Running the two-way fixed effects models to control for Year and Time we have:
smoking_rate3 <- lm(data = CigarettesSW, packs ~ cpi + price + taxs)
smoking_rate_FE<- feols(packs ~ cpi + price + taxs | state + year,
data = CigarettesSW)
## The variable 'cpi' has been removed because of collinearity (see $collin.var).
summary(smoking_rate_FE)
## OLS estimation, Dep. Var.: packs
## Observations: 96
## Fixed-effects: state: 48, year: 2
## Standard-errors: IID
## Estimate Std. Error t value Pr(>|t|)
## price -0.579361 0.199082 -2.910161 0.0055981 **
## taxs 0.152363 0.256588 0.593803 0.5556174
## ... 1 variable was removed because of collinearity (cpi)
## ---
## Signif. codes: 0 '***' 0.001 '**' 0.01 '*' 0.05 '.' 0.1 ' ' 1
## RMSE: 4.05627 Adj. R2: 0.947558
## Within R2: 0.53662
stargazer(smoking_rate3,type = "text")
##
## ===============================================
## Dependent variable:
## ---------------------------
## packs
## -----------------------------------------------
## cpi 103.926***
## (38.363)
##
## price -1.102***
## (0.357)
##
## taxs 0.569
## (0.469)
##
## Constant 104.580***
## (21.453)
##
## -----------------------------------------------
## Observations 96
## R2 0.488
## Adjusted R2 0.471
## Residual Std. Error 18.816 (df = 92)
## F Statistic 29.201*** (df = 3; 92)
## ===============================================
## Note: *p<0.1; **p<0.05; ***p<0.01
Since CPI was eliminated due to its strong correlation and subsequent redundancy, out of curiosity I’ll see what the model would look like if it were with the variables taxs, tax and price.
smoking_rate8 <- lm(data = CigarettesSW, packs ~ price + taxs + tax)

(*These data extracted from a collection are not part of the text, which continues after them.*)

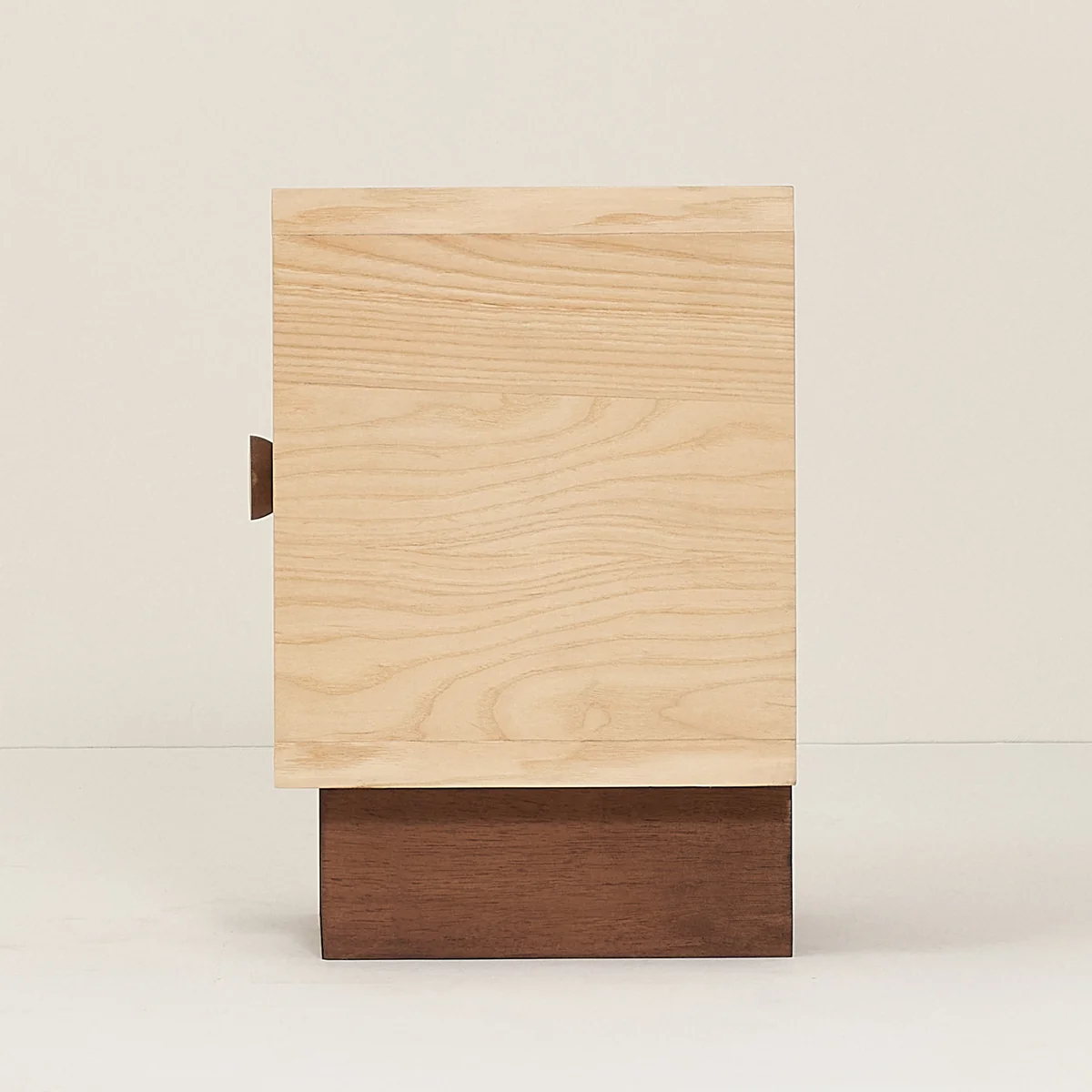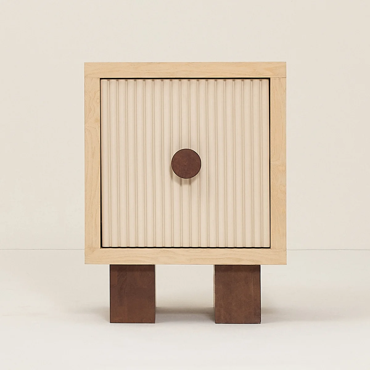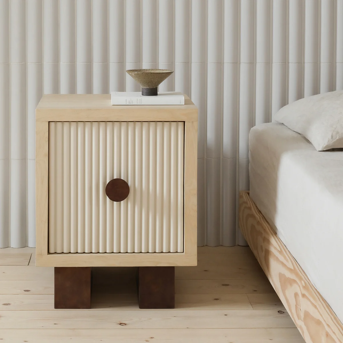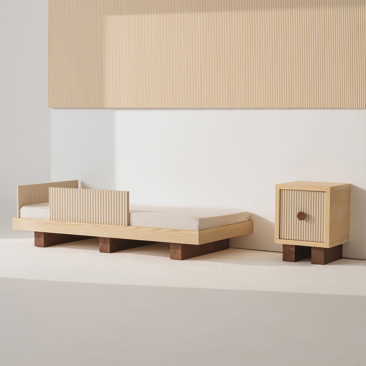 La surface rainurée de la porte invite les enfants à découvrir les textures de manière ludique, tandis que la poignée arrondie et contrastée est non seulement facile à saisir, mais aussi conçue de manière sûre et adaptée aux enfants. Les pieds de la table de nuit, inspirés des sandales japonaises traditionnelles Geta, confèrent au meuble un caractère léger et flottant.
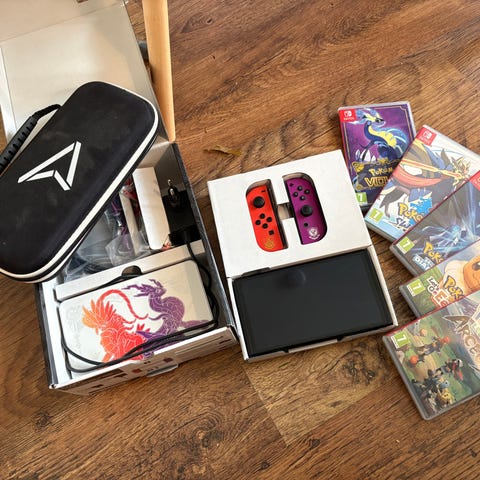 Nintendo Switch Oled Pokémon Scarlet & Violet Edition konsoli. Model 2022. Pelejä ja lisäohjaimia myynnissä erikseen. Nouto Joensuusta tai postitus, postikulut 10 e.
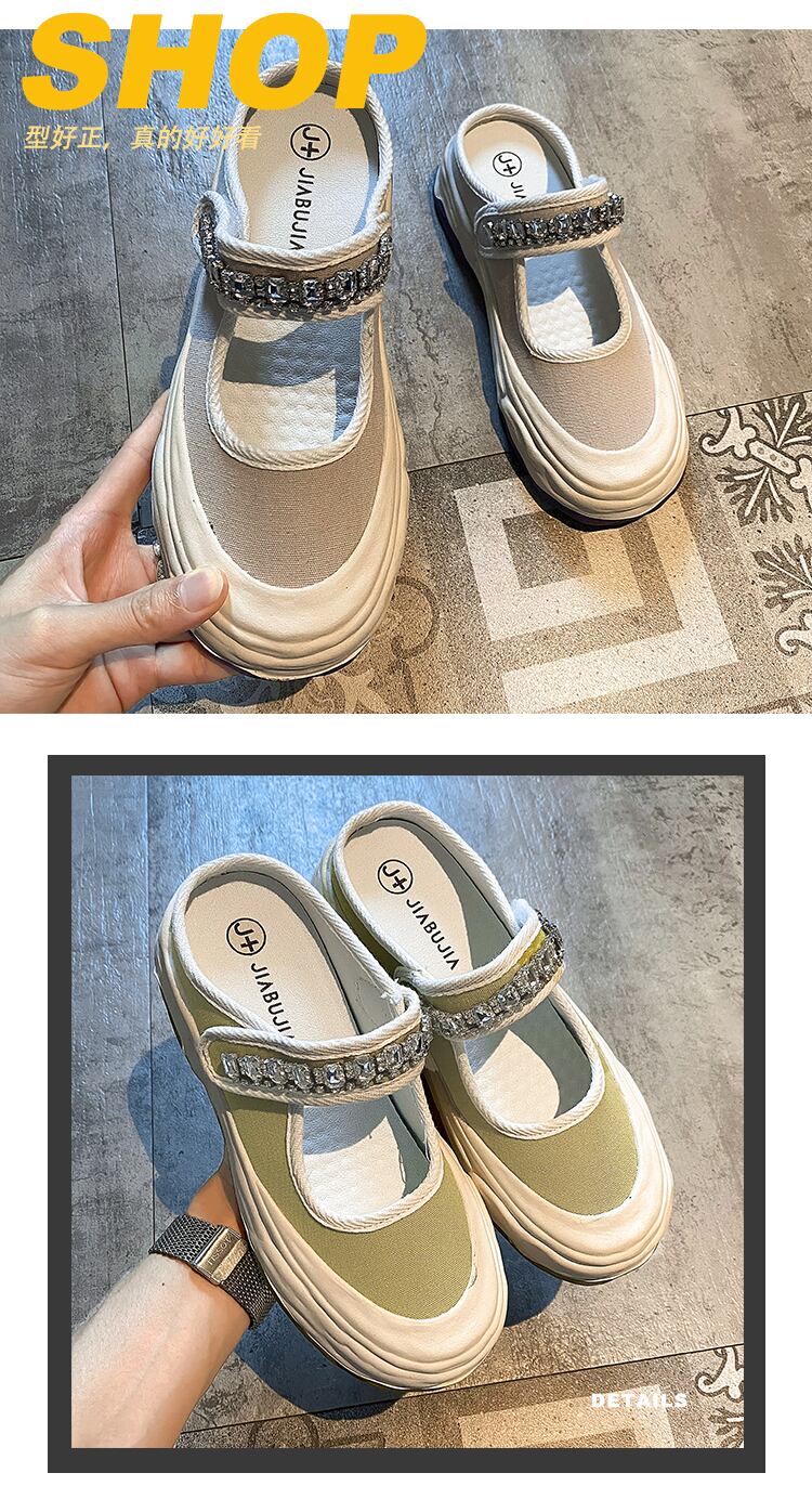 包頭ドラッグアウターウェアレディース2022年夏の新しいキャンバスラインストーン厚底滑り止めファッションオールマッチサンダルとスリッパ ミュール 靴 シューズ サマー 夏物 jxjxf33263084269
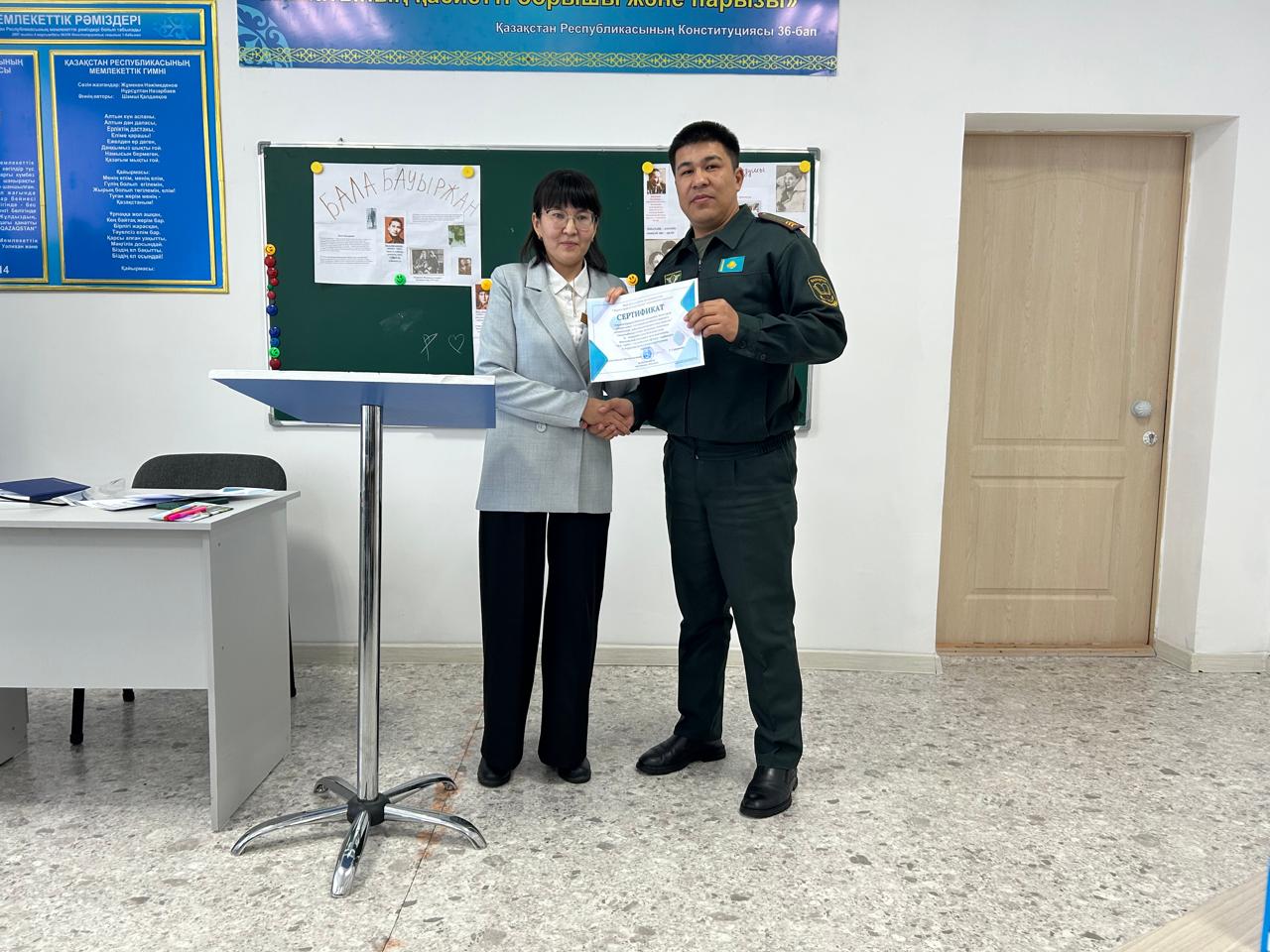 18 желтоқсан күні “Оқушылардың бойында батылдық, алғырлық әскери амал-тәсілдерді қалыптастырудағы әскери-техникалық дайындықтың рөлі мен маңызы” тақырыбында өткен алғашқы әскери және технологиялық дайындық пәні мұғалімдеріне арналған АУДАНДЫҚ семинарда мектебіміздің офицер-тәрбиешісі ЕСМҰРАТОВ АРМАН ҚАЖЫМҰРАТҰЛЫ “Жас Сарбаз” сыныбы патриоттыққа тәрбиелейді” тақырыбында іс-тәжірибиесімен бөлісті.
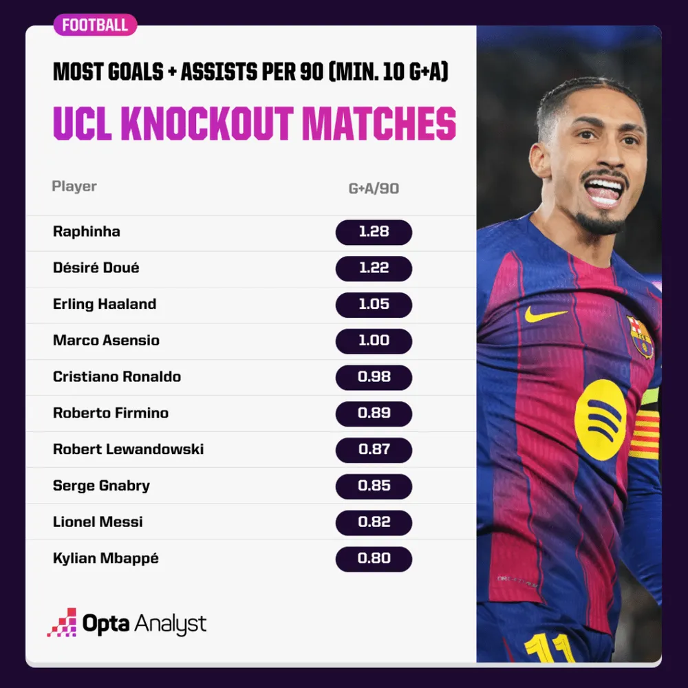 Không chỉ Real Madrid và PSG, Barcelona cũng sở hữu những cầu thủ biết tỏa sáng đúng lúc. Raphinha dẫn đầu danh sách cầu thủ có tỷ lệ đóng góp bàn thắng mỗi 90 phút cao nhất lịch sử vòng knock-out Champions League (1,28). Mùa trước, anh cân bằng kỷ lục của Ronaldo về số lần đóng góp bàn thắng trong một mùa giải (21), với 8 lần đến từ giai đoạn knock-out.
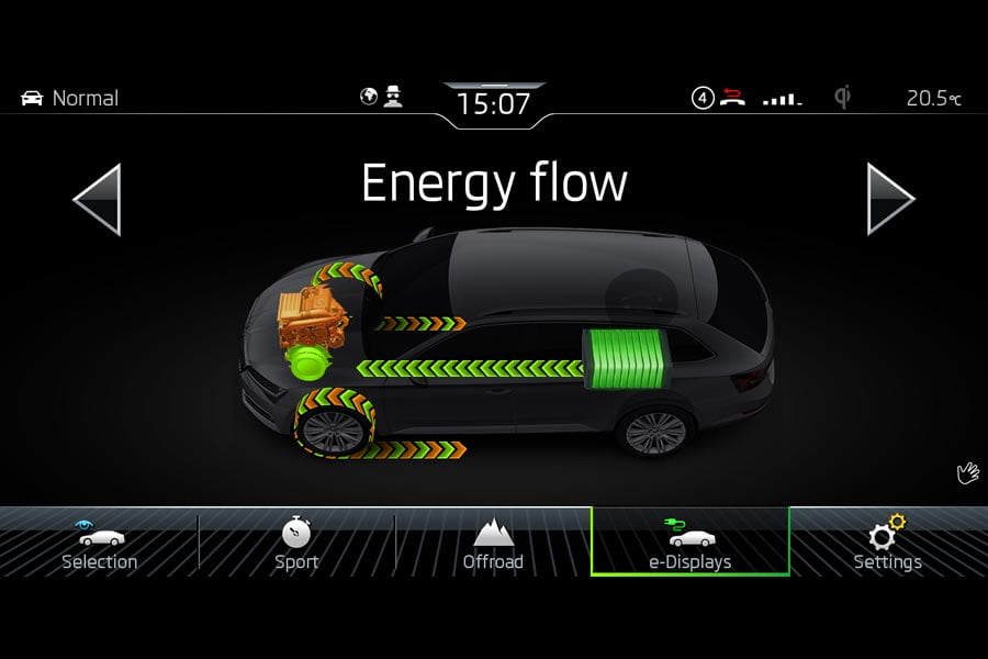 Το Superb iV μπορεί να κινηθεί αμιγώς ηλεκτρικά για αποστάσεις 55 χλμ. (μέτρηση WLTP).
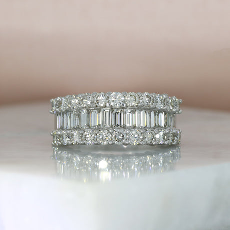Pre Owned 18ct White Gold Round Brilliant Cut & Baguette Diamond 2.92ct Vs-Si

stargazer(smoking_rate8,type = "text")
##
## ===============================================
## Dependent variable:
## ---------------------------
## packs
## -----------------------------------------------
## price -0.179
## (0.118)
##
## taxs -0.658
## (0.684)
##
## tax 0.186
## (0.733)
##
## Constant 158.774***
## (7.814)
##
## -----------------------------------------------
## Observations 96
## R2 0.447
## Adjusted R2 0.429
## Residual Std. Error 19.545 (df = 92)
## F Statistic 24.818*** (df = 3; 92)
## ===============================================
## Note: *p<0.1; **p<0.05; ***p<0.01
summary(smoking_rate_FE)
## OLS estimation, Dep. Var.: packs
## Observations: 96
## Fixed-effects: state: 48, year: 2
## Standard-errors: IID
## Estimate Std. Error t value Pr(>|t|)
## price -0.579361 0.199082 -2.910161 0.0055981 **
## taxs 0.152363 0.256588 0.593803 0.5556174
## ... 1 variable was removed because of collinearity (cpi)
## ---
## Signif. codes: 0 '***' 0.001 '**' 0.01 '*' 0.05 '.' 0.1 ' ' 1
## RMSE: 4.05627 Adj. R2: 0.947558
## Within R2: 0.53662
smoking_rate_FE2<- feols(packs ~ price + taxs + tax | state + year,
data = CigarettesSW)
summary(smoking_rate_FE2)
## OLS estimation, Dep. Var.: packs
## Observations: 96
## Fixed-effects: state: 48, year: 2
## Standard-errors: IID
## Estimate Std. Error t value Pr(>|t|)
## price -0.581433 0.199297 -2.917419 0.0055395 **
## taxs 0.572783 0.510465 1.122081 0.2679141
## tax -0.514392 0.539740 -0.953036 0.3457781
## ---
## Signif. codes: 0 '***' 0.001 '**' 0.01 '*' 0.05 '.' 0.1 ' ' 1
## RMSE: 4.01504 Adj. R2: 0.947451
## Within R2: 0.545992
So, keeping year and state constant, price is still negatively associated with number of cigarette packs, but taxes (both excise and average) are going in opposite directions. The coefficient on price is quite similar in both FE models (-0.579, -0.581). My thoughts are that these effects could be that due to the variation in state tax codes and levels of personal income per person (which were not included in my analysis). As we know, some states don’t have income tax, others have lower or higher taxes on certain goods. It would therefore make sense that the average price of cigarettes would be the strongest indicator regarding the number of packs per capita.